VASP 6.3.0 crashes several nodes on lonestar 6-Update

Problems running VASP: crashes, internal errors, "wrong" results.

Moderators: Global Moderator, Moderator

Locked
Message
Author
nicholas_dimakis1
Newbie
Newbie
Posts: 17
Joined: Tue Sep 15, 2020 3:36 pm

VASP 6.3.0 crashes several nodes on lonestar 6-Update

#1 Post by nicholas_dimakis1 » Mon Jun 06, 2022 8:18 pm

Hello

I am running a job on the TACC lonestar 6 supercomputer and it seems that VASP suddenly uses 150 GB of RAM from 50 GB before, leading the crashing some of the nodes. All files are attached. The structure contains 142 atoms and the run is for band structure calculations.

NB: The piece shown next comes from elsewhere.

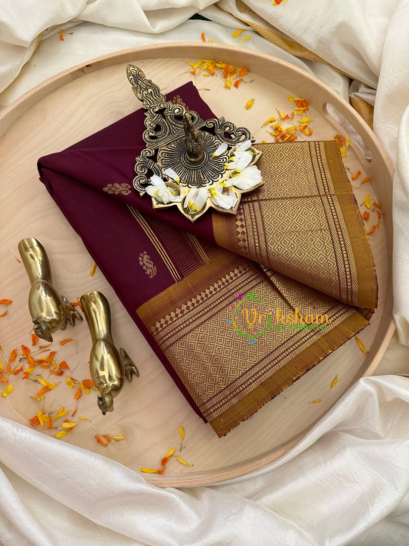 Arakku Maroon Thiribhuvanam Silk Saree with mustard yellow border – Comes with SILK MARK - Festive wear saree – Butta work throughout the saree. Traditional contrast border and pallu.

I am using VASP 6.3.0 and use 20 nodes with 640 CPUs in total.

Thank you-Nick
You do not have the required permissions to view the files attached to this post.

martin.schlipf
Global Moderator
Global Moderator
Posts: 456
Joined: Fri Nov 08, 2019 7:18 am

Re: VASP 6.3.0 crashes several nodes on lonestar 6-Update

#2 Post by martin.schlipf » Tue Jun 07, 2022 11:45 am

I think the 150Gb is expected. In the OUTCAR file it reports ~5Gb per core and you use 32 cores per node. If you want to reduce the memory, you can reduce the number of KPOINTS by splitting the band structure calculation into multiple separate runs for the different lines. KPAR also leads to increased memory demand, so you may want to replace it with NCORE instead.

Code: Select all

 total amount of memory used by VASP MPI-rank0  5551890. kBytes
=======================================================================

   base      :      30000. kBytes
   nonl-proj :    4339312. kBytes
   fftplans  :      28532. kBytes
   grid      :     250149. kBytes
   one-center:       4416. kBytes
   wavefun   :     899481. kBytes
Also, I found 2 issues in your INCAR file: You use a tab instead of spaces after LSCALAPACK so that this tag is ignored. You give the ICHARG tag twice. Note that VASP prints warnings about both these issues to the output.

One last thing: Do you expect the system to be magnetic? If not you should not set ISPIN = 2 then the calculation will be twice as efficient.

Locked